Читаем Век Экклезиаста (СИ) полностью

- У меня нет на это времени, Мори. Вечер пятницы - мой дедлайн.

- Пятница когда? - спросил отлучённый от календаря кузен.

- Завтра.

Морган зачиркал зажигалкой, отказывавшейся давать огонь в условиях отсутствия кислорода, но переборов в итоге законы физики, затянулся свежескрученным рулоном, поставляющим в его лёгкие ангельский эфир. Лёгкие его издали паровозный гудок.

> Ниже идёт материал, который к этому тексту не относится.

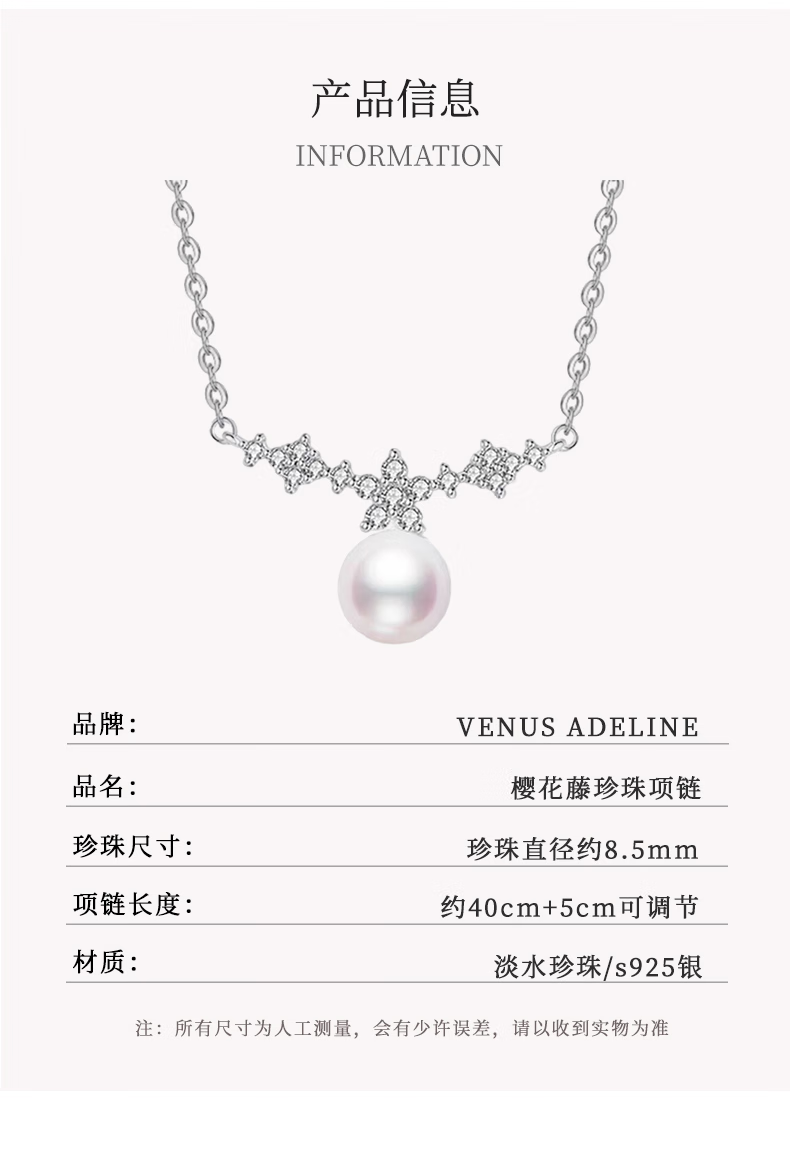 VENUS ADELINE珍珠项链女银淡水吊坠年轻款轻奢锁骨链女友老婆妈妈生日七夕礼物 七夕情人节生日礼物送女友老婆
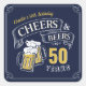 Stylish cheers and beers to 50 years typography design in navy blue, yellow and white, Custom it with your own text, fun and unique, great for any age adult birthday party for men, or anniversary party for any occasion.
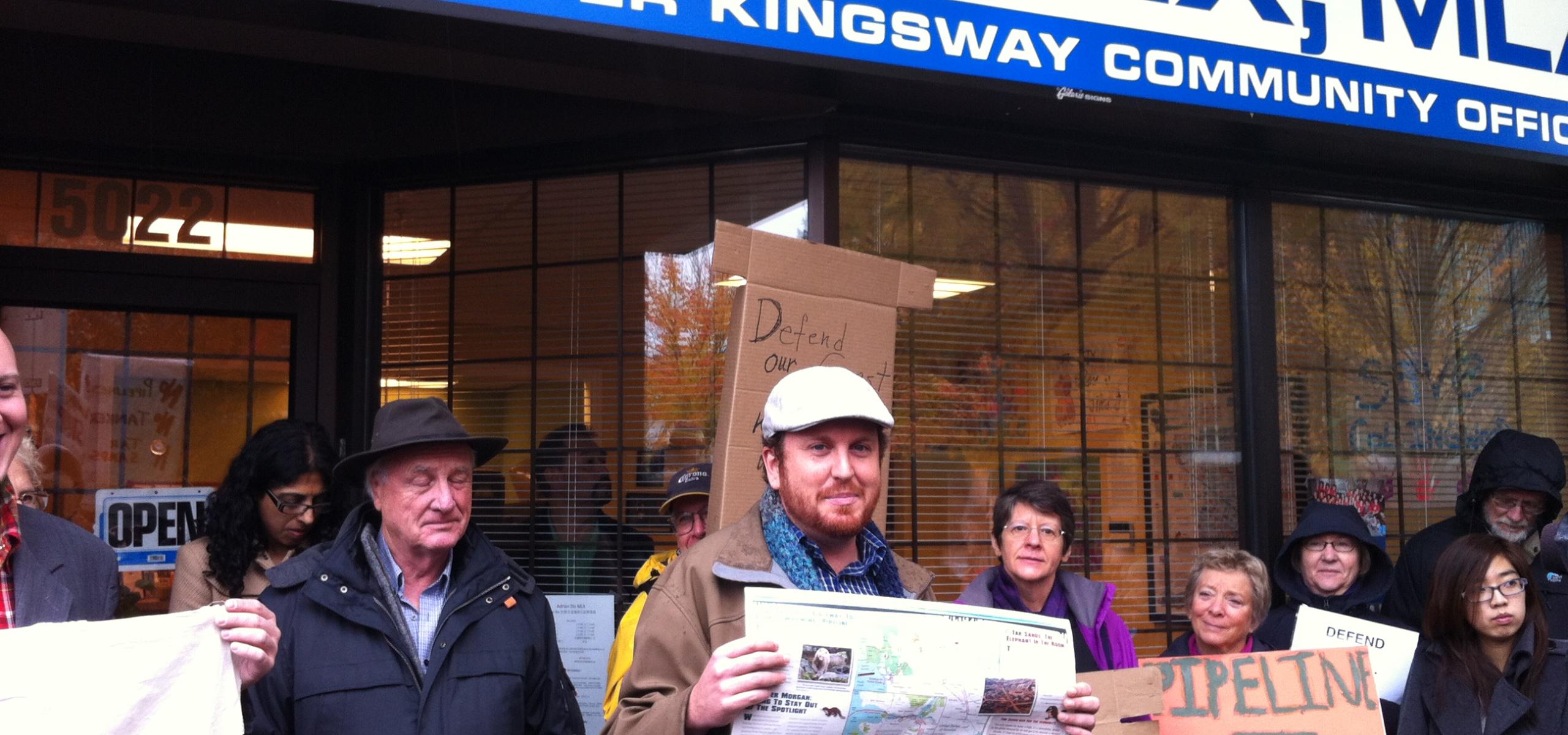 "We're trying to, you know, sort of draw attention to the fact that all of these pipelines are a bad idea," said Ben West, a spokesman for the Western Canada Wilderness Committee, who is co-ordinating a protest at the office of NDP Leader Adrian Dix.
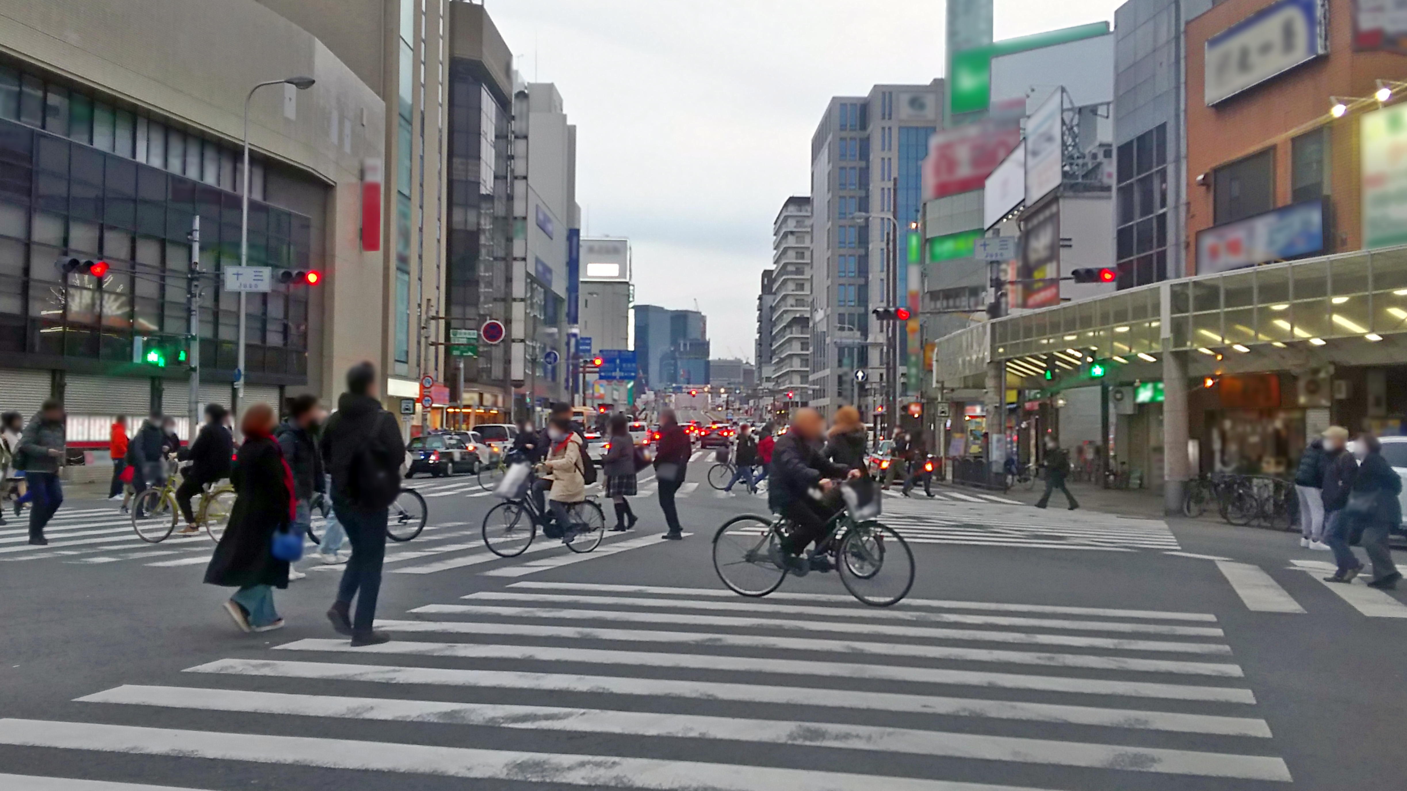 多くの人が行き交う大阪十三のスクランブル交差点

- Ричи, Ричи, Ричи! - подскочил осенённый Морган, и Ричи замер в предвкушении и трепете. - Слушай! - Мори наклонился ближе к брату, и тот подался к нему навстречу аналогичным телодвижением, пока руки их, окутанные небесными облаками, едва не сошлись в порыве единения, венчающего таинство передачи божьей искры. - Прищепки... - наконец вымолвил заповедное слово Морган.

- Прищепки?

- Да, да! Прищепки! - динамично закивал кузен. - Производители прищепок усовершенствовали их конструкцию до такой степени, что те стали разумными, объединились с электронными сигаретами и уничтожили человечество! Ну-ка посмотри, есть что-нибудь похожее? Бьюсь об заклад, что нет!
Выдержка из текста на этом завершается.